The NY Dow has been rising due to the continued long-term growth of the US economy, although it has fallen sharply after these crises.
The market is also said to be a mirror of the “investor’s psychology”.
When the market plunges, it drops too much, but then it appears to rise.
In fact, at the time of the Lehman shock, NY Dow 30 fell by more than 50% from the high price, but it recovered after the economic stimulus measures of each country.
Looking at the history of NY Dow 30 for more than 120 years, we can see that it has “long-term growth” despite the hardships.
It also reflects the benefits of long-term investment.
Even if there was a global depression, a war, or an unprecedented financial shock, the only correct answer to investment at that time was to continue.
Because in each crisis NY Dow 30 got over it and climbed.

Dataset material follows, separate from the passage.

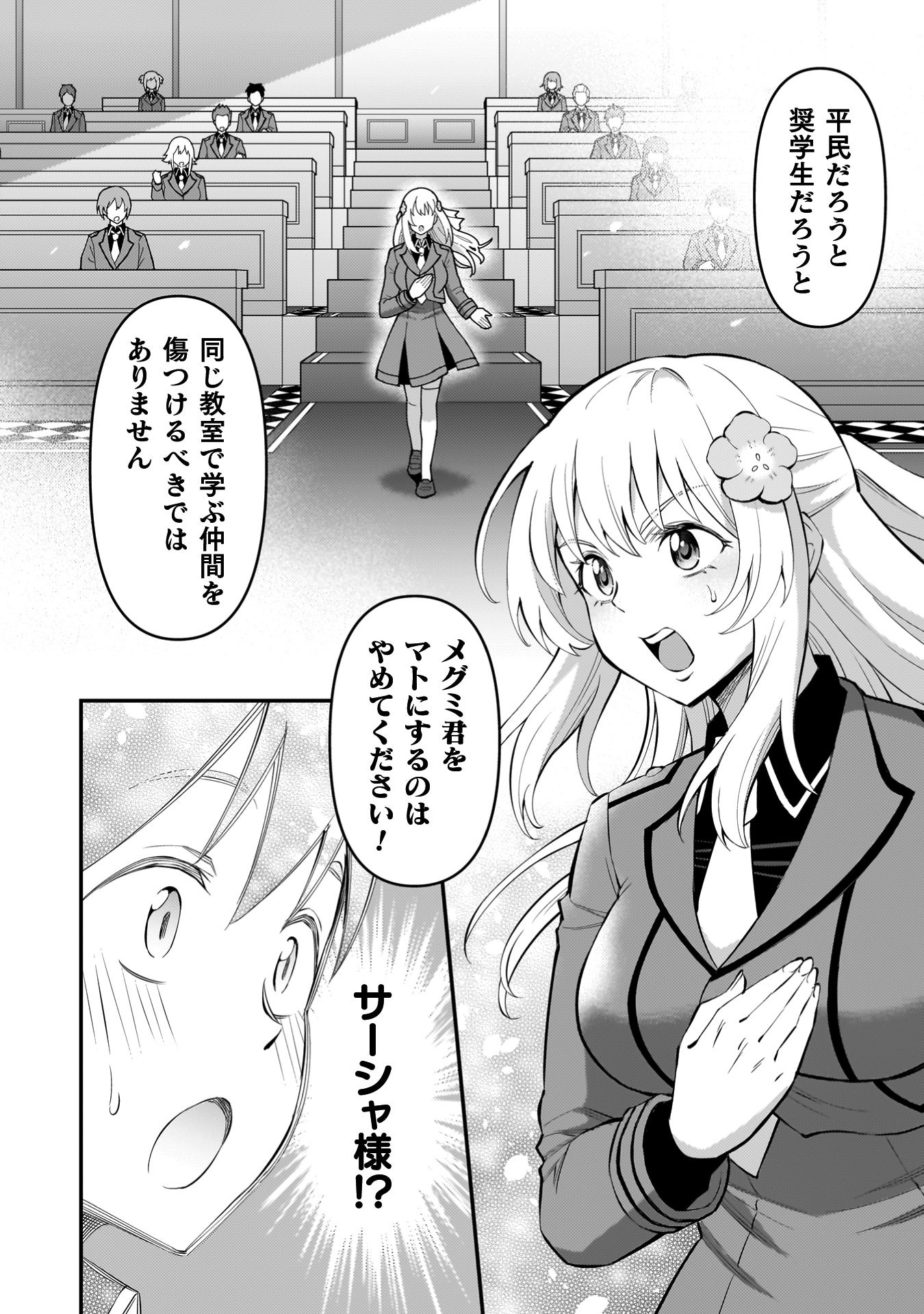 帝国の名門校に奨学生として通うも、平民という身分からイジメの標的にされていたメグミ。

Of course, it is necessary to succeed in stock selection in order to continue investment and obtain a return.
That element is in NY Dow 30, that is a careful selection of brands.
We have spun out returns for over 120 years by carefully selecting representative American companies for each era.

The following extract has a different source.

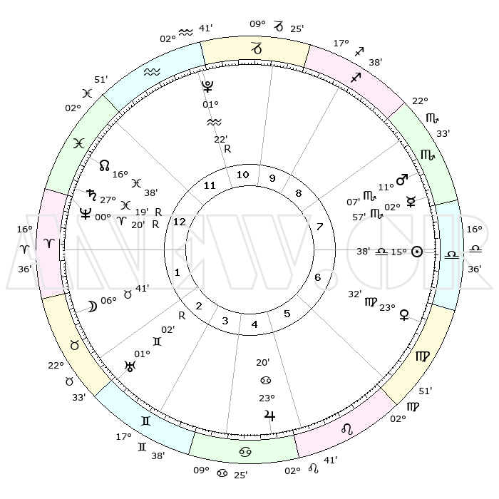 | ΘΕΣΕΙΣ ΠΛΑΝΗΤΩΝ ΑΣΤΡΟΛΟΓΙΚΟΥ ΧΑΡΤΗ ΤΗΣ ΣΤΙΓΜΗΣ ΑΥΤΗΣ | | Πλανήτης | Ζώδιο | Μοίρες | Δεκαήμ. | Σε οίκο | Απόκλιση | | Ακμές των οίκων | Ηλιος | Ζυγός | 15°32' | Δεύτερο | 8 | 06 S 07 | | 1ος | 26°26' | Υδροχόος | Σελήνη | Ταύρος | 05°22' | Πρώτο | 2 | 16 N 55 | | 2ος | 12°05' | Κριός | Ερμής | Σκορπιός | 02°49' | Πρώτο | 8 | 13 S 24 | | 3ος | 15°31' | Ταύρος | Αφροδίτη | Παρθένος | 23°26' | Τρίτο | 7 | 03 N 56 | | 4ος | 10°17' | Δίδυμοι | Αρης | Σκορπιός | 11°04' | Δεύτερο | 8 | 15 S 18 | | 5ος | 01°59' | Καρκίνος | Δίας | Καρκίνος | 23°19' | Τρίτο | 5 | 21 N 27 | | 6ος | 25°12' | Καρκίνος | Κρόνος | Ιχθείς | 27°20'R | Τρίτο | 1 | 03 S 22 | | 7ος | 26°26' | Λέων | Ουρανός | Δίδυμοι | 01°02'R | Πρώτο | 3 | 20 N 09 | | 8ος | 12°05' | Ζυγός | Ποσειδώνας | Κριός | 00°21'R | Πρώτο | 1 | 01 S 08 | | 9ος | 15°31' | Σκορπιός | Πλούτωνας | Υδροχόος | 01°22'R | Πρώτο | 12 | 23 S 32 | | 10ος | 10°17' | Τοξότης | Β. Δεσμός | Ιχθείς | 16°38' | Δεύτερο | 1 | 05 S 16 | | 11ος | 01°59' | Αιγόκερως | Ωροσκόπος | Υδροχόος | 26°26' | Τρίτο | | | 12ος | 25°12' | Αιγόκερως | Μεσουράνημα | Τοξότης | 10°17' | Δεύτερο | | | |

The trajectory of NY Dow, which the carefully selected brands weave for over 120 years, is a sign of long-term investment.
Even if there is a crash, it is wasteful to stop investing here, and it seems to be meaningful to continue.
What is the NASDAQ Composite Index?
Nasdaq Composite Index is a leading indicator of emerging markets around the world.
NASDAQ is a stock market for US startups.
The Nasdaq Composite Index is a market capitalization weighted index consisting of all stocks adopted by the Nasdaq National Market Index and the Small Cap Index.
It is calculated with the stock price on February 5, 1971, which is the base date, as 100.
Many high-tech companies such as Apple, Microsoft, Cisco Systems, Google, and internet-related companies are listed on NASDAQ.
And since it boasts the world’s largest market for emerging markets, the trend of the Nasdaq Composite Index is seen not only by high-tech companies in the world and online-related companies, but also as a leading indicator of emerging markets.
It is one of the most important indexes.